*** Opening of Input data ***

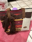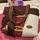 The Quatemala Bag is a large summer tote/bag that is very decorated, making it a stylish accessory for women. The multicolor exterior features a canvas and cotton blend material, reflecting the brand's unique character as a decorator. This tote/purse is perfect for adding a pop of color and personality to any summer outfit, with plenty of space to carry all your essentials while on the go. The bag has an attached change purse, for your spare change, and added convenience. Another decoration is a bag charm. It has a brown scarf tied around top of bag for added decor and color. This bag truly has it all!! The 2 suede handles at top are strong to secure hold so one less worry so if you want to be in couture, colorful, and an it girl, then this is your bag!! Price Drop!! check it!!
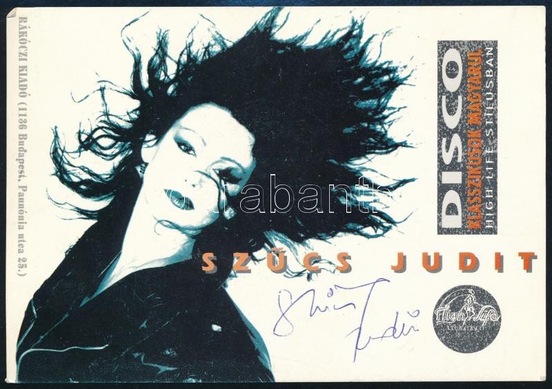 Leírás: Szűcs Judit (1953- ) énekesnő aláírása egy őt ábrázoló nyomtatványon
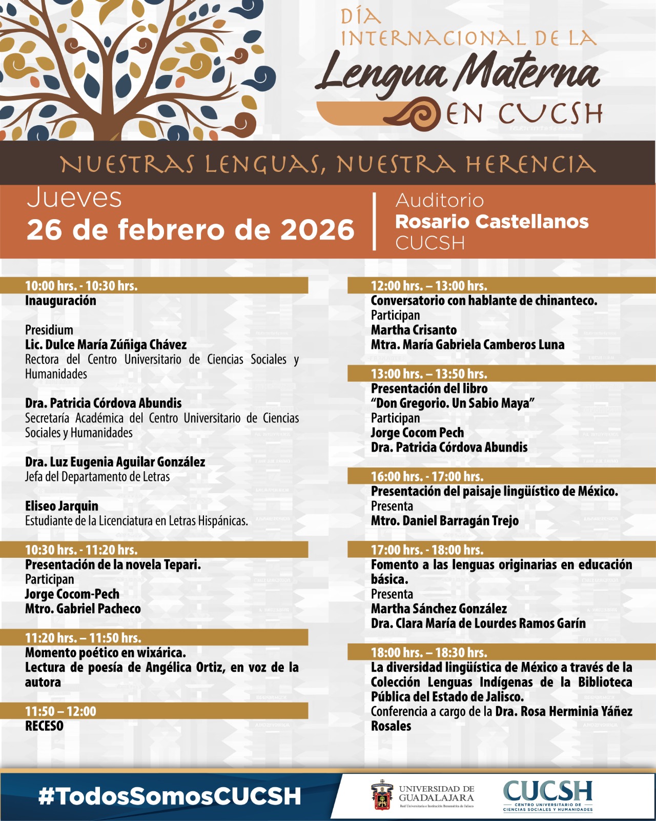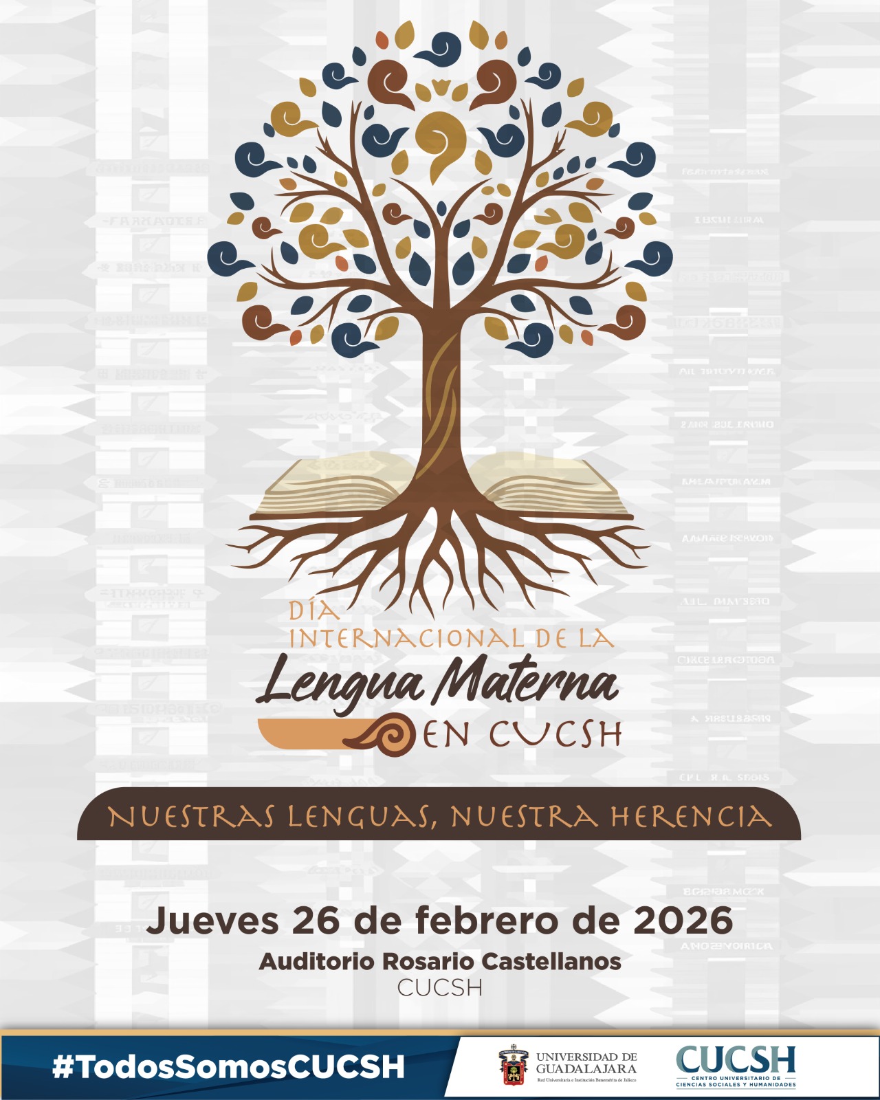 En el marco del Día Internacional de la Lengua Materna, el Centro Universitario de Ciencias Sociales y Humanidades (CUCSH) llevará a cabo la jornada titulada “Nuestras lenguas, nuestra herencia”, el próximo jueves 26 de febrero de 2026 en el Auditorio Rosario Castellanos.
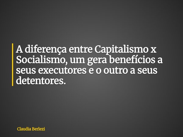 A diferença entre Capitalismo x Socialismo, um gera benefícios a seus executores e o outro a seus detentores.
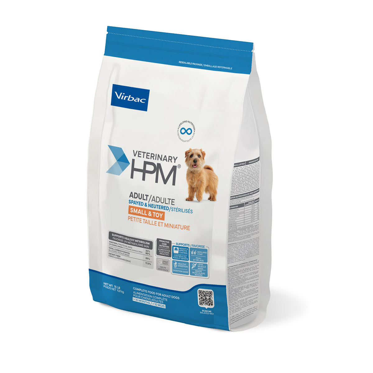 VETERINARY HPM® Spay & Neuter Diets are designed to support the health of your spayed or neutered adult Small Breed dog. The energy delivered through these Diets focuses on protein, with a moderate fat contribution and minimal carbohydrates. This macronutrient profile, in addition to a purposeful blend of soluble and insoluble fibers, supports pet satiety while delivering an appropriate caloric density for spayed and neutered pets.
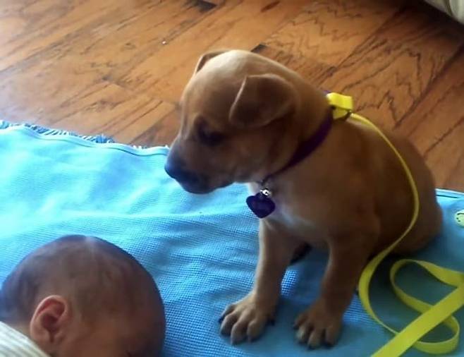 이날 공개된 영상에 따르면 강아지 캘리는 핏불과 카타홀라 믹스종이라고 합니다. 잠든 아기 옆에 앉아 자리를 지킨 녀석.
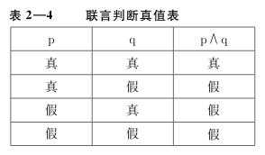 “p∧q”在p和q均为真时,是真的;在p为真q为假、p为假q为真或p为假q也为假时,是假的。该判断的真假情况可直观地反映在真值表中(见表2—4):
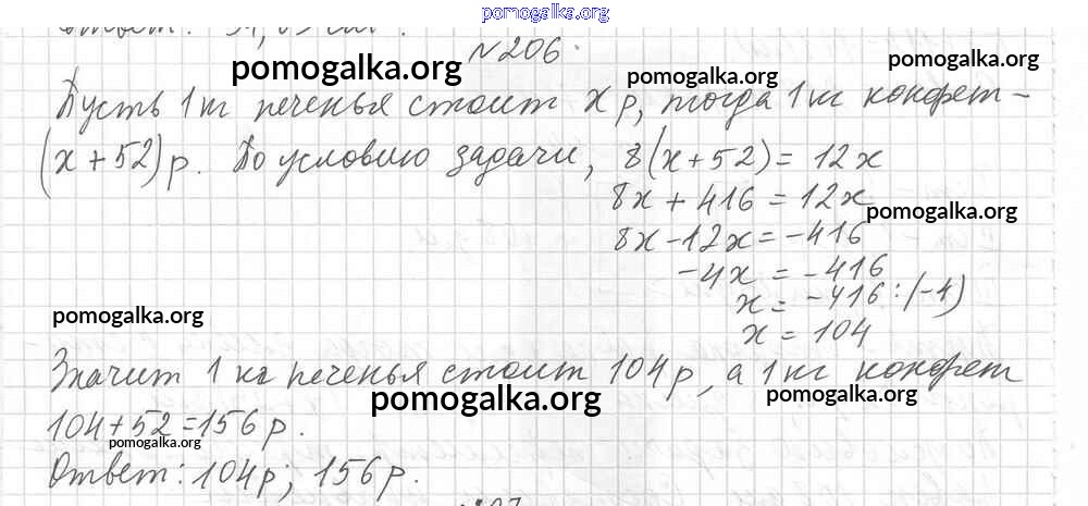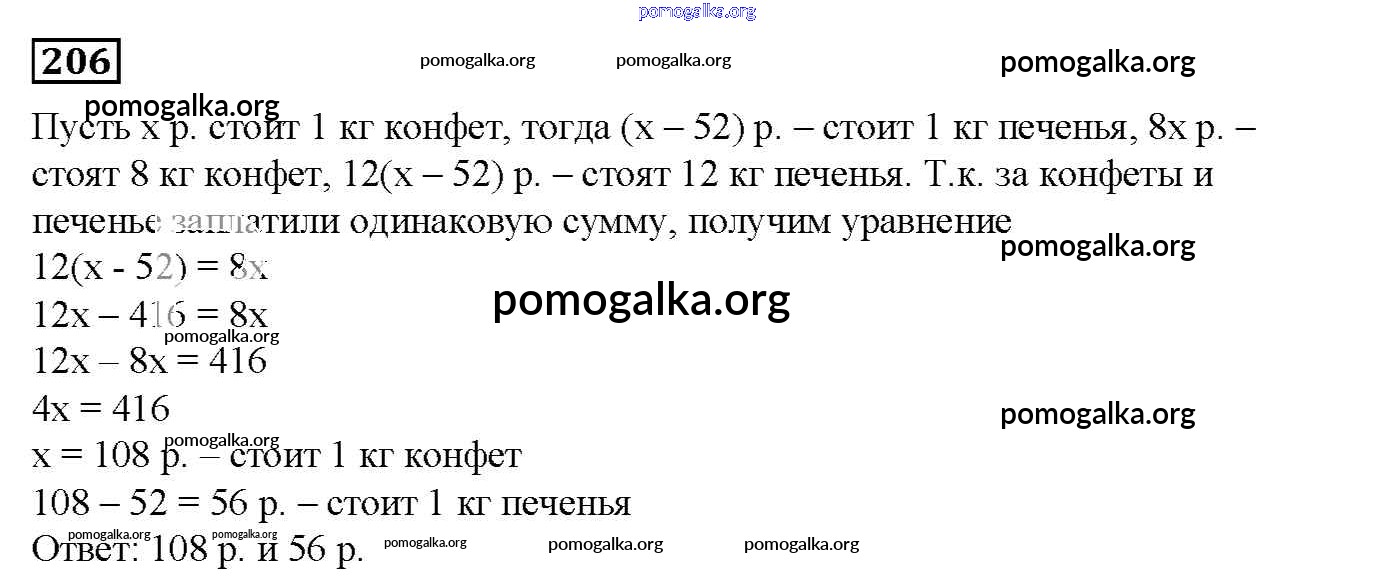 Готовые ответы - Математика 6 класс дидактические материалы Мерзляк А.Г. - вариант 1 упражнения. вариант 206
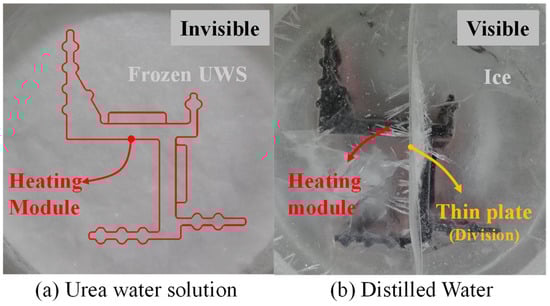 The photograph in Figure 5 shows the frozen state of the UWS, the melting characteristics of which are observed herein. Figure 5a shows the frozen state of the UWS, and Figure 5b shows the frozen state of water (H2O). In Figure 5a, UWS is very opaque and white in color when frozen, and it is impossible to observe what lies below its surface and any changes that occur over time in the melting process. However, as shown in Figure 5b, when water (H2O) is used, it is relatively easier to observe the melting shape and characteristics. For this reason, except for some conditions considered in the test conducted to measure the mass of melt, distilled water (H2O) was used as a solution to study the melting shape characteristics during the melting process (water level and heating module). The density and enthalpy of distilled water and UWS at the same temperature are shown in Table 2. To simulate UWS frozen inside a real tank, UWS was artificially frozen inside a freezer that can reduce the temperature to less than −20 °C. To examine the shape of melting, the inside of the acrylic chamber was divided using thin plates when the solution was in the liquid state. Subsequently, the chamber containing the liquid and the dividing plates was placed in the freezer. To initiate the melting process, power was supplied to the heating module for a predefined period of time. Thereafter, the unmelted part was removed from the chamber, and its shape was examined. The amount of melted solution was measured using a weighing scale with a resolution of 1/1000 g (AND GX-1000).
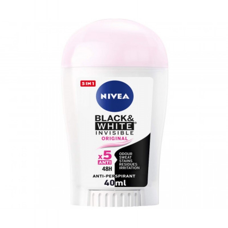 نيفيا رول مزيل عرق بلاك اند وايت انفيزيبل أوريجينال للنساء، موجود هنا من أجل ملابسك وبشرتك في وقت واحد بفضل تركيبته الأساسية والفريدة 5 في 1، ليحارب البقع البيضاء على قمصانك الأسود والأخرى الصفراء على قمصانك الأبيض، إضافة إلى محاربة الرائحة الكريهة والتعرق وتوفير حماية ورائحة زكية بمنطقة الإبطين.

*** Close of Input data ***

* **What to produce**
A word-for-word restatement of all the lines above is needed, with the pictures omitted.

* **Answer box**
 The Quatemala Bag is a large summer tote/bag that is very decorated, making it a stylish accessory for women. The multicolor exterior features a canvas and cotton blend material, reflecting the brand's unique character as a decorator. This tote/purse is perfect for adding a pop of color and personality to any summer outfit, with plenty of space to carry all your essentials while on the go. The bag has an attached change purse, for your spare change, and added convenience. Another decoration is a bag charm. It has a brown scarf tied around top of bag for added decor and color. This bag truly has it all!! The 2 suede handles at top are strong to secure hold so one less worry so if you want to be in couture, colorful, and an it girl, then this is your bag!! Price Drop!! check it!!
 Leírás: Szűcs Judit (1953- ) énekesnő aláírása egy őt ábrázoló nyomtatványon
 En el marco del Día Internacional de la Lengua Materna, el Centro Universitario de Ciencias Sociales y Humanidades (CUCSH) llevará a cabo la jornada titulada “Nuestras lenguas, nuestra herencia”, el próximo jueves 26 de febrero de 2026 en el Auditorio Rosario Castellanos.
 A diferença entre Capitalismo x Socialismo, um gera benefícios a seus executores e o outro a seus detentores.
 VETERINARY HPM® Spay & Neuter Diets are designed to support the health of your spayed or neutered adult Small Breed dog. The energy delivered through these Diets focuses on protein, with a moderate fat contribution and minimal carbohydrates. This macronutrient profile, in addition to a purposeful blend of soluble and insoluble fibers, supports pet satiety while delivering an appropriate caloric density for spayed and neutered pets.
 이날 공개된 영상에 따르면 강아지 캘리는 핏불과 카타홀라 믹스종이라고 합니다. 잠든 아기 옆에 앉아 자리를 지킨 녀석.
 “p∧q”在p和q均为真时,是真的;在p为真q为假、p为假q为真或p为假q也为假时,是假的。该判断的真假情况可直观地反映在真值表中(见表2—4):
 Готовые ответы - Математика 6 класс дидактические материалы Мерзляк А.Г. - вариант 1 упражнения. вариант 206
 The photograph in Figure 5 shows the frozen state of the UWS, the melting characteristics of which are observed herein. Figure 5a shows the frozen state of the UWS, and Figure 5b shows the frozen state of water (H2O). In Figure 5a, UWS is very opaque and white in color when frozen, and it is impossible to observe what lies below its surface and any changes that occur over time in the melting process. However, as shown in Figure 5b, when water (H2O) is used, it is relatively easier to observe the melting shape and characteristics. For this reason, except for some conditions considered in the test conducted to measure the mass of melt, distilled water (H2O) was used as a solution to study the melting shape characteristics during the melting process (water level and heating module). The density and enthalpy of distilled water and UWS at the same temperature are shown in Table 2. To simulate UWS frozen inside a real tank, UWS was artificially frozen inside a freezer that can reduce the temperature to less than −20 °C. To examine the shape of melting, the inside of the acrylic chamber was divided using thin plates when the solution was in the liquid state. Subsequently, the chamber containing the liquid and the dividing plates was placed in the freezer. To initiate the melting process, power was supplied to the heating module for a predefined period of time. Thereafter, the unmelted part was removed from the chamber, and its shape was examined. The amount of melted solution was measured using a weighing scale with a resolution of 1/1000 g (AND GX-1000).
 نيفيا رول مزيل عرق بلاك اند وايت انفيزيبل أوريجينال للنساء، موجود هنا من أجل ملابسك وبشرتك في وقت واحد بفضل تركيبته الأساسية والفريدة 5 في 1، ليحارب البقع البيضاء على قمصانك الأسود والأخرى الصفراء على قمصانك الأبيض، إضافة إلى محاربة الرائحة الكريهة والتعرق وتوفير حماية ورائحة زكية بمنطقة الإبطين.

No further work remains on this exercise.